Principal component analysis (PCA) reflects the importance of the largest contributor to the total variation at each axis of differentiation and also identifies plant traits that contribute most to the observed variation within group of genotypes. Results showed that the first two axes of the principal component analysis (PCA1 and PCA2) explained 66.9% of the total variability, with respectively 44.21% and 22.71%. Based on the principal component analysis, lentil genotypes were divided to 4 groups (Fig 1). The first group is positively correlated with the first two axes. This group is composed by L2, L5, L6, L9 and L15 lines. The second group is positively correlated with the first axis and negatively correlated with the second axis. It is composed by L1, L13 and L14 lines. The third group, composed by L3, L7, L8, L10, L11 and L16 lines, is negatively correlated with the first axis and positively correlated with the second axis. The fourth group gathered L4 and L12 lines is negatively correlated with the first two axes.
Results presented in (Table 6) showed that axis1 is positively correlated to pod weight per plant (P8) (r = 0.93), grain yield per plant (P11) (r = 0.93), first pod level (P5) (r = -0.89), number of seeds per plant (P10) (r = 0.89), number of pods per plant (P7)(r = 0.88), number of days to flowering (P16) (r = -0.87), grain yield per ha (P15) (r = 0.84), the number of days to maturity (P17) (r= -0.83), the harvest index (P13) (r = 0.78), the plant height at flowering (P1) (r = -0.5), 1000 seeds weight (P14) (r = -0.4).
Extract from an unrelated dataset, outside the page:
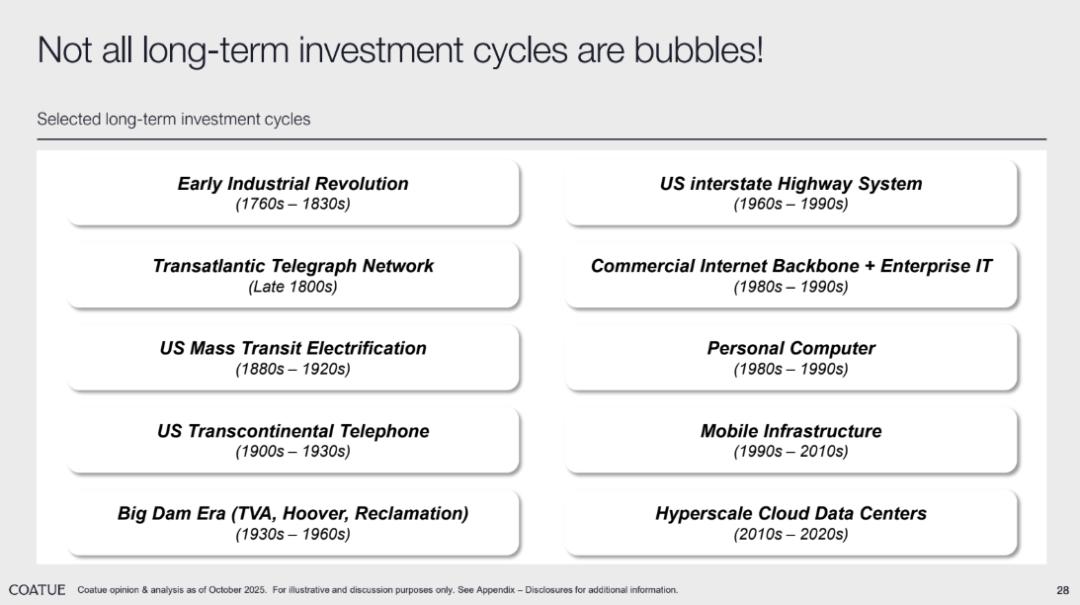 Coatue 认为,今天的 AI 投资热潮在特征上最接近“股票市场”和“基础设施”型泡沫:由技术革新推动,伴随巨额资本投入与高涨预期。

Axis 2 is correlated to biological yield per plant (P2) (r = 0.86), number of branches per plant (P3) (r = 0.86), straw yield per plant (P12) (r = 0.84) , number of productive branches per plant (P4) (r = 0.79), number of seeds per pod (P9) (r = -0.56) and number of pods per inflorescence (P6) (r = -0.31).
Sharma et al., (2020) also reported the lentil characters that had the highest weight in component first were plot yield, yield per plant, pods per plant, crop growth rate, biomass per plant, leaf area index and plant height.